A Socialist Primer on Monetary Policy and Inflation

Tim Barker

Utter the words “monetary policy” and many of us fall asleep. But that policy is crucial to how capitalists exert power. Instead of leaving it to the “experts,” socialists and the labor movement should demand a democratic say in what monetary policy looks like.

The solutions to inflation need not be anti-worker. (Vladimir Solomianyi / Unsplash)


Republicans and out-of-style economists warn that the Biden administration is leading the economy into runaway inflation. The Biden administration and Federal Reserve, by contrast, point to the major disruptions caused by the pandemic, arguing that the inflation we’ve seen is caused by sector-specific supply-chain bottlenecks. Upon learning of this discussion, most of us quietly choose to close the tab or change the channel — all this stuff seems way over our heads.

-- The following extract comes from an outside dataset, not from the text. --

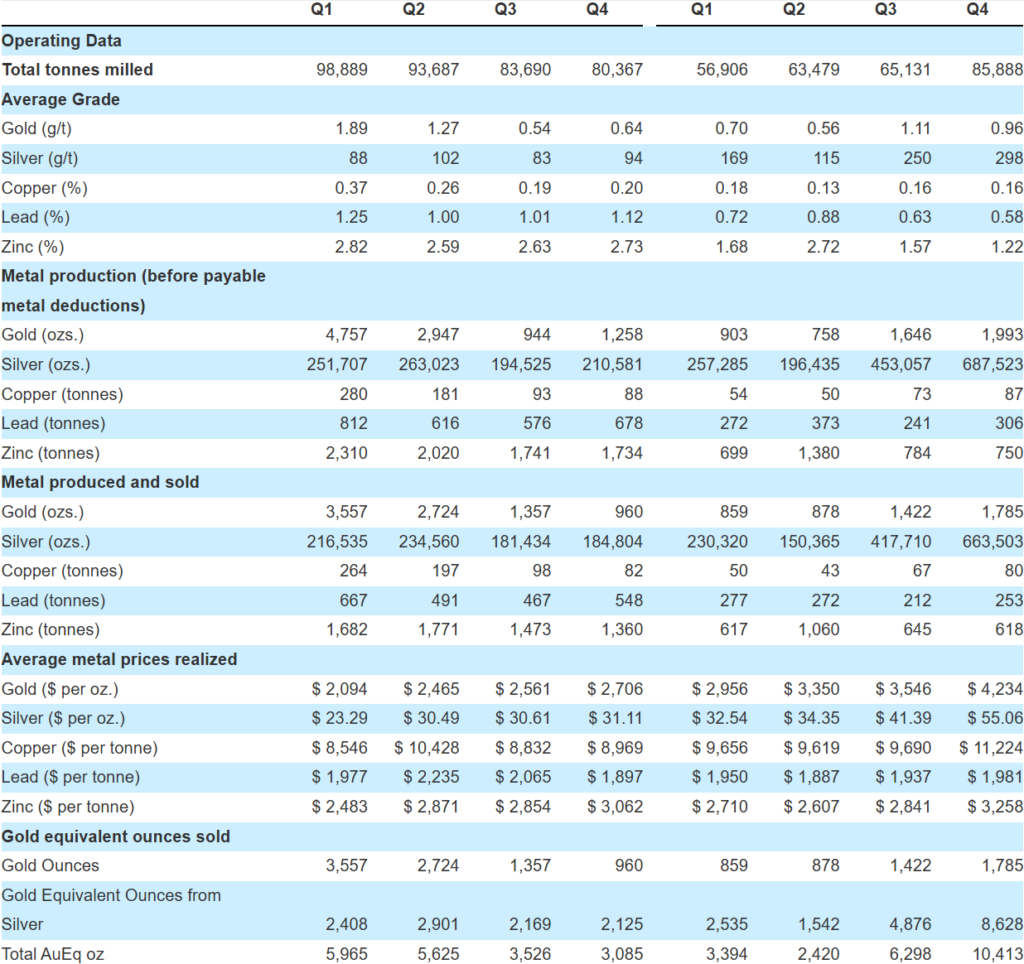 “We are pleased to report a successful operational turnaround during 2025 that culminated in a strong fourth quarter finish and over $25 million in cash and equivalents on the balance sheet,” said Allen Palmiere, President and CEO. “Obviously, favorable metal prices were a meaningful contribution which realized an average of $55 per ounce for silver and $4,234 per ounce for gold metal sales. Production from our Three Sisters zone made a significant contribution, as expected, and as a result we anticipate that silver will represent approximately 40% of our output from this zone in 2026 and enhance our leverage to the silver market. Our operations team in Mexico has executed exceptionally well on our 2025 objectives, delivering solid year end results, positioning us for continued momentum in the year ahead.”

It doesn’t have to be that way, Tim Barker argues. Leftists can talk about inflation and monetary policy in a comprehensible way — precisely to challenge the kind of commonsense wisdom expressed in the contemporary mainstream debate on inflation, as Barker does in a recent piece in Phenomenal World.

In this piece, Barker argues that both sides of this debate share the same staunchly anti-worker premises. These premises in action can be traced back to 1979, when Carter-nominated Federal Reserve chair Paul Volcker implemented what is now known as the “Volcker Shock,” sending interest rates through the roof, inducing a recession, and crushing worker power in the US. The Volcker Shock was one of the first acts in the transition to the neoliberal era.